Steven “Wahoo” Custalow was sentenced to five days in jail and fined $200 plus court costs by King William County General District Court Judge Stephen A. Hudgins on the single misdemeanor count, said his attorney, Tony Troy.
Troy, a former Virginia attorney general who is representing Steven Custalow pro bono, immediately appealed the case to King William County Circuit Court. The sentence is stayed pending a hearing on the appeal tentatively set for Feb. 16.
According to Chief Mark Custalow’s affidavit in a complaint on which the charge is based, Steven Custalow was driving his pickup truck around the Mattaponi reservation about 35 miles northeast of Richmond on Dec. 11 and raised his middle finger toward the building where the chief and tribal council were meeting as his truck passed by — a distance of approximately 150 feet.
Steven Custalow was arrested that night by a King William County deputy sheriff and spent two nights in a regional jail in Saluda before being granted a bond hearing.
On Thursday, Steven Custalow denied making any gesture, but admitted that he and Mark Custalow are not on friendly terms.
“The judge asked him, ‘You don’t like the chief, do you,’ and Steven’s response was, ‘He doesn’t like me and I don’t like him, and I just try to stay away from him,’” Troy said.
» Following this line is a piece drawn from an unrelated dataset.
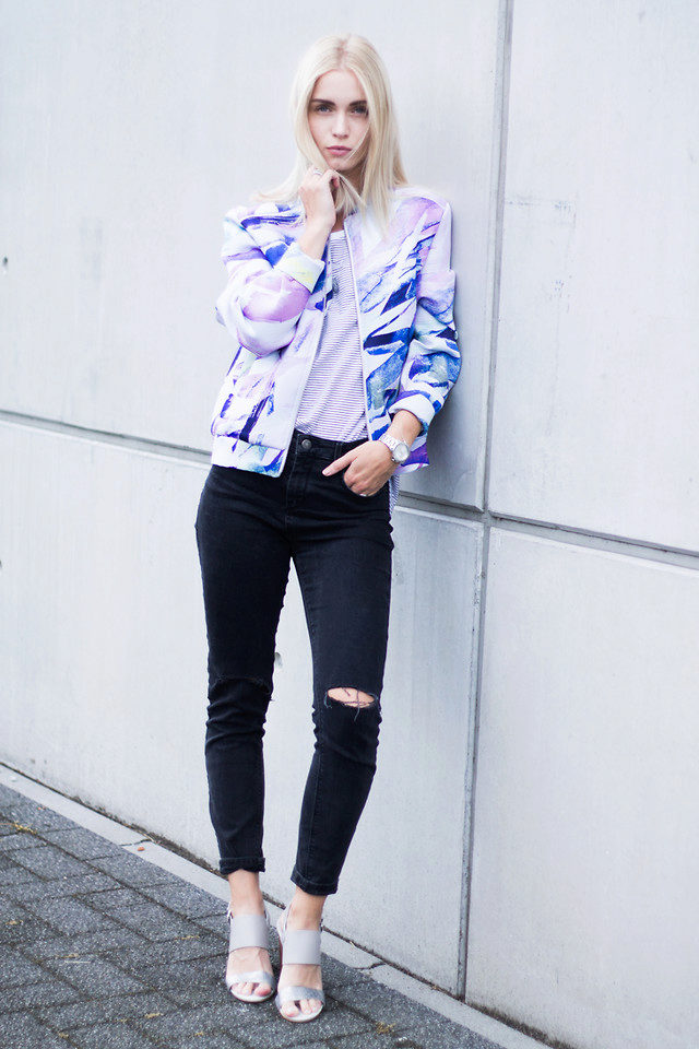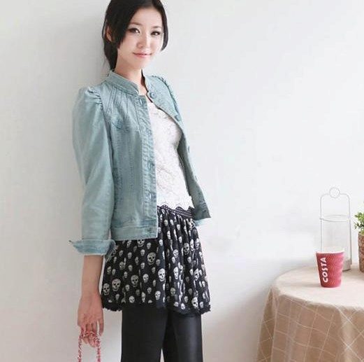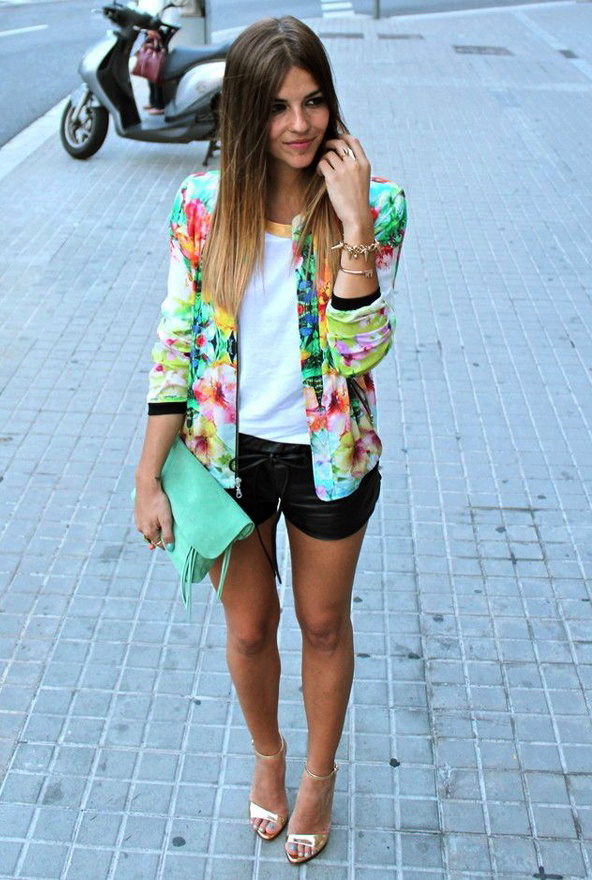 Slender girls can wear any styles of jackets, but it should be borne in mind that the abundance of large flowers may look too glamorous and even a little silly.

Mark Custalow and Steven Custalow are not immediately related.
The conviction is part of a protracted feud between Mark Custalow and a group of Mattaponi dissidents who accuse him of perpetuating a secretive, un-elected tribal government.
Going to jail for giving someone the finger? Mattaponi governance dispute deepens.
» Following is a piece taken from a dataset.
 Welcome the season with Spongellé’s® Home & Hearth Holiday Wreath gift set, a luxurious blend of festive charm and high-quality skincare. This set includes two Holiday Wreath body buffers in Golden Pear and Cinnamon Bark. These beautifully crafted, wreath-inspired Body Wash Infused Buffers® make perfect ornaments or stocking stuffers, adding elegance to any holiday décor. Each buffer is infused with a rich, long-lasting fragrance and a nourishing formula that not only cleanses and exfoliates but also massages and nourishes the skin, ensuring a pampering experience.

Steven Custalow is part of the dissident group that has clashed with the chief and council in publicly pressing their demands for open and free elections and to restore the right of women tribal members to vote in them.
The U.S. Supreme Court has held that obscene gestures are free speech protected by the First Amendment. Thursday’s case, however, was restricted to whether the alleged gesture violated a protective order the chief was granted after Mattaponi dissidents demonstrated in support of open elections outside his home last fall and left a petition calling for the elections outside.
The chief charged more than a dozen of the protesters with trespassing and assault by mob in King William General District Court.
In a December trial, the judge took the cases under advisement for a year after which they will be dismissed.